The wet winter and dry spring resulted in a very poor harvest. This may cause prices to rise for your loaf of bread or bag of flour, as the UK will need to import more grain to feed the nation. This in itself will be interesting when we as a nation start to negotiate trade deals with countries from all over the world following Brexit.

The UK wheat production is expected to be less than 10 million tonnes in 2020, much lower than the average of 15 million tonnes and significantly less than the 16 million tonnes we harvested in 2019.

There was also a shortage of hay and straw in 2020 as the crops did just not grow as we had hoped. Straw merchants from across the country were scrambling to buy straw the moment it was baled and were going direct to fields and loading their lorrys there to ensure their supply.

Power stations normally purchase hundreds of thousands of tonnes of straw to burn, but livestock farmers will also need to access this product to feed and bed animals, so you may see farmers finding alternative feed and bedding solutions as they just don’t have the profit margin to pay higher prices for a resource that may become expensive because it is in short supply.

So, what’s been happening on the farm?

As soon as the linseed, winter barley, oil seed rape, winter wheat etc were in the shed, farmers across the country were busy preparing their land ready for drilling – sowing/planting – to give the crops the best start.

I went out soil testing the fields with agronomist Andrew Stilwell, who advises on crop nutrition.
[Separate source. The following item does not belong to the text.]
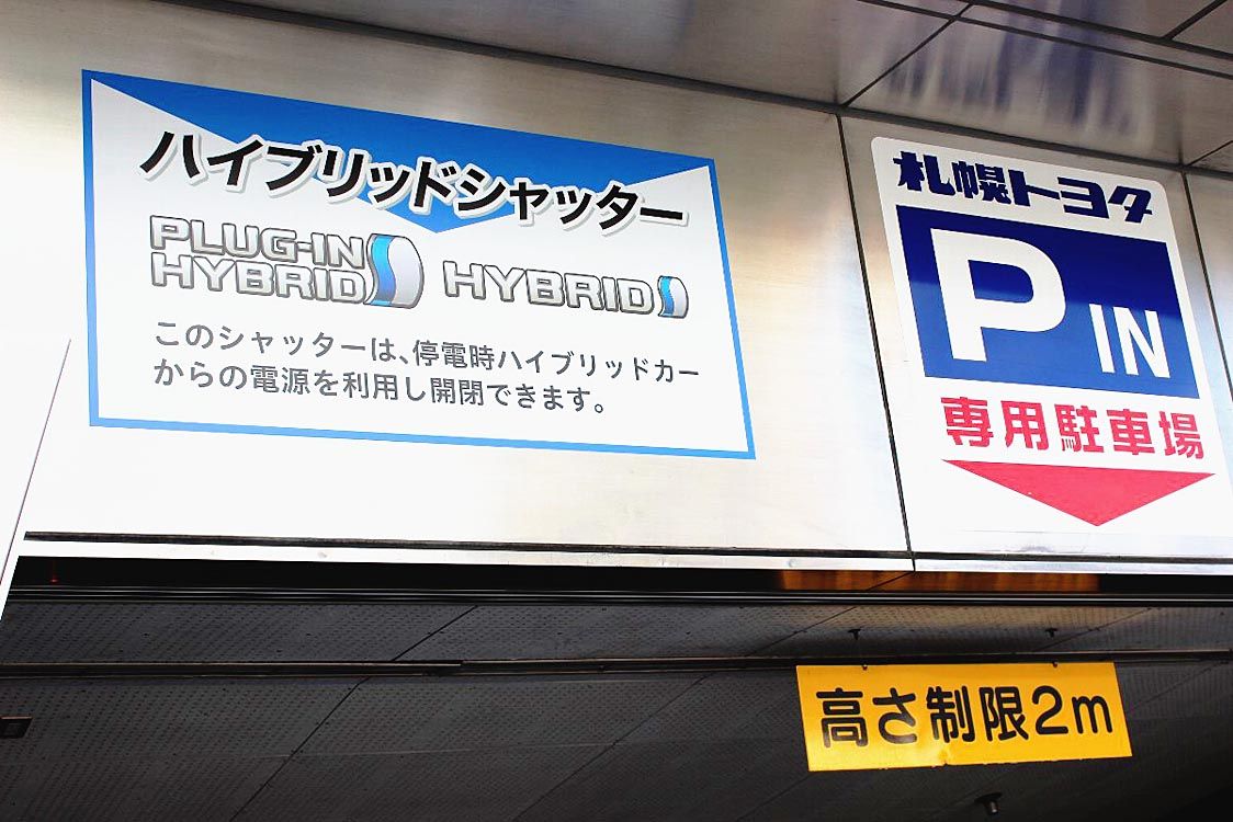 札幌トヨタ本社地下駐車場、ハイブリッドシャッター導入 車両の電力で自動開閉

We walked in a W shape across the fields we were testing – in order to get the best samples – collecting soil to send off to the labs.
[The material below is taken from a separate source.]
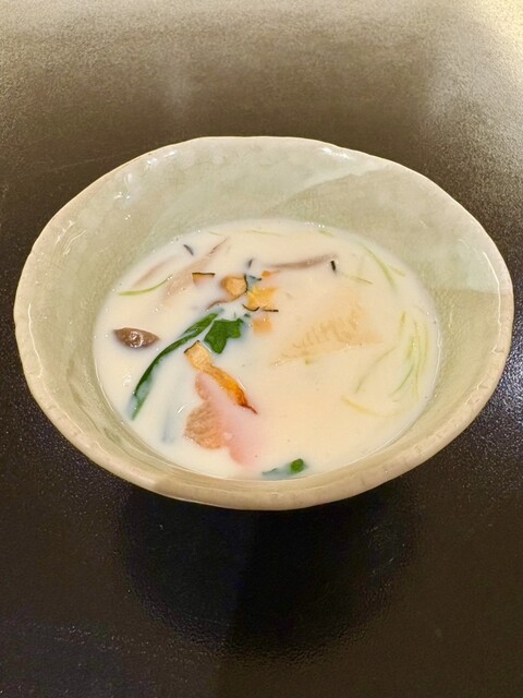 湯葉と野菜の豆乳蒸しです。温かい野菜や鶏の団子も入っていて、美味しい豆乳スープといった感じ。余計な味が付いていないので、やはりシンプルで優しい美味しさ。

We are testing for major and minor nutrients such as nitrogen, phosphorus, potassium, iron, boron, copper, manganese and magnesium.
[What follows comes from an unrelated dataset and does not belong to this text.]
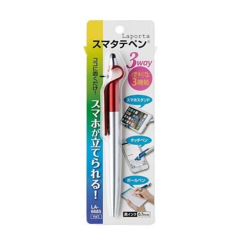セキセイ LA-6685-20 スマホスタンド+タッチペン+ボールペン スマタテペン ブリスターパック レッド LA668520
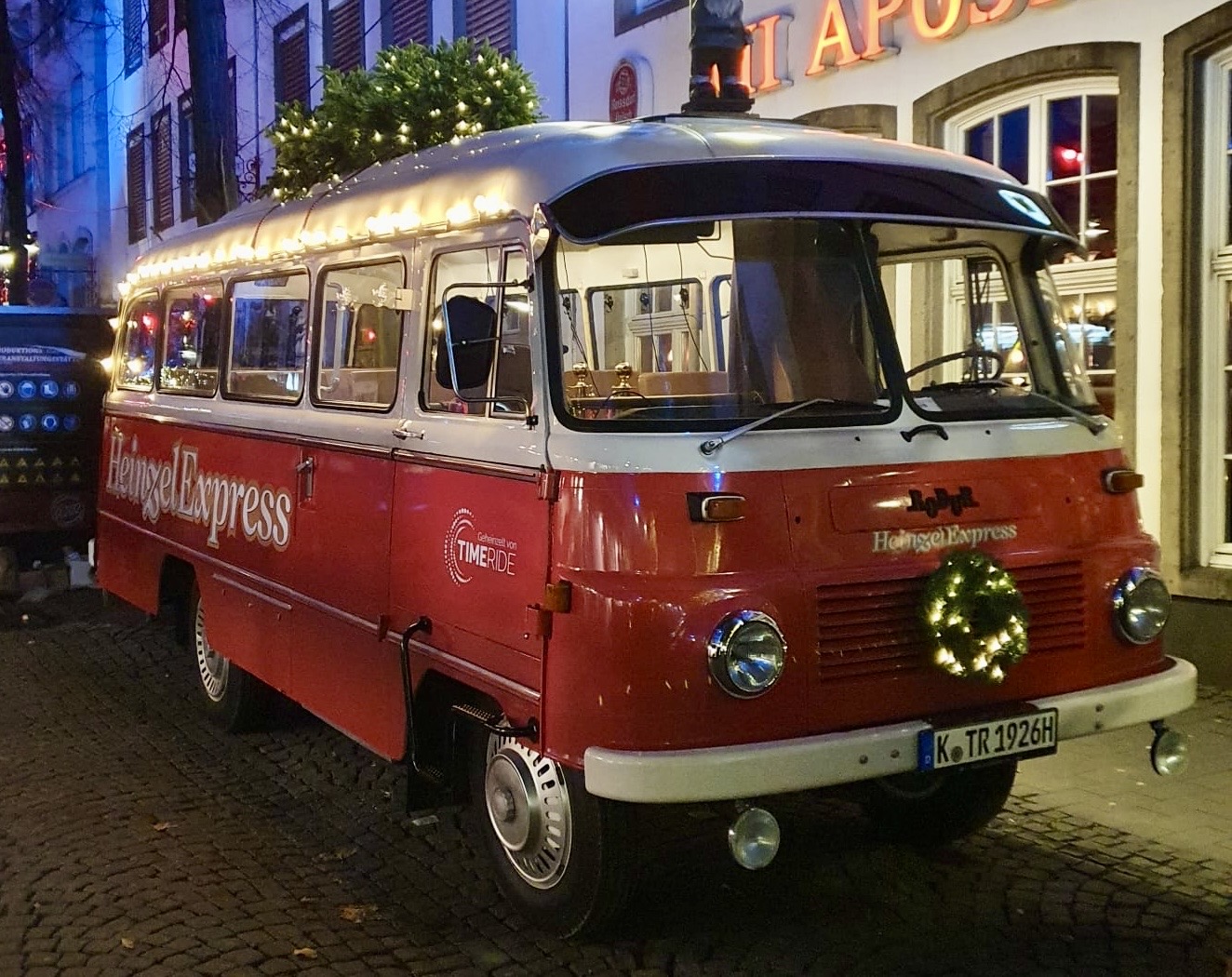 Im liebevoll restaurierten Oldtimer-Bus erleben große und kleine Gäste ein rund zehnminütiges Virtual-Reality-Abenteuer, das sie mitten hineinführt in die sagenumwobene Unterwelt der fleißigen Heinzel. In 360°-Szenen erkunden die Fahrgäste historische Handwerksstätten des 19. Jahrhunderts – vom Bäcker über den Steinmetz bis zum Zimmermann – und begegnen dabei den charmanten Wichteln, die einst das nächtliche Leben Kölns prägten. Das Erlebnis basiert auf dem bekannten Gedicht von August Kopisch aus dem Jahr 1836 und wurde von TimeRide mit viel Liebe zum Detail weitergedacht. Dank modernster VR-Technologie, stimmungsvoller Musik und der bekannten TimeRide-Figur Pitter, dem kölschen Straßenbahnfahrer, erhält die Legende ein überraschendes neues Ende. Alle zehn Minuten startet eine neue virtuelle Fahrt für bis zu 16 Personen

The results will then be sent back to the farm so we can see what the soil is lacking andoverlay them with the GPS yield data from the combine harvester – sharing the data from two different sources to find the best and worst-performing areas of the field – this will help us target the inputs more precisely.

We test each field every three years to give us an indication of what it needs and what has been taken or put into the soil from the previous crops over the years.

I have been using a spring tine cultivator, running it very shallow across the stubble to encourage the weeds to germinate. This decreases the reliance on chemical measures used after the seed has been planted and helps to create a stale seed bed.

Drilling – sowing the seed

To conserve moisture and to reduce costs such as diesel, we use a Sumo DTS strip till drill for sowing the seed that only cultivates where the seed is planted.

A cultivator will work on the whole area of the field, which in the long run can cause compaction to the soil, erosion and loss of moisture. This is not something I have learnt to do yet and is left to experienced staff.

When you do the drilling, it is evident if you do it wrong and farmers will always notice if your rows of crops are not exact or if you have had a drill miss (maybe caused by a blocked seed nozzle).

Occasionally we may plough as a full inversion technique – a cultural method of weed control used in severe situations – however, this can bring more weed seed back up to the surface, especially grass weed, which causes more of a problem for the growing crop. It is also time-consuming and costly.

We drilled oil seed rape (OSR) on August 7, 2020, while we were still combining the winter wheat.

For those farmers still growing OSR it was a strategic decision to drill it early in order to make use of the moisture during the wet August. This was to try to combat the cabbage stem flea beetle, which is a major pest.

Since 2013 neonicotinoid-treated seed dressing has been banned from use by the EU. This has caused a big issue for UK farmers growing OSR because there is nothing to control the pests that destroy the living plants, causing major losses and in severe cases crop failure, which is fairly common.

As you drive around the countryside this winter you will still see precise rows of green shoots emerging and this is the start of the whole process again.

Farmers will be watching the weather every day, to see how their crops are performing and hoping for a better harvest in 2021.

Thank you for your interest and don’t forget to see if you can identify what crops are growing around Berkshire.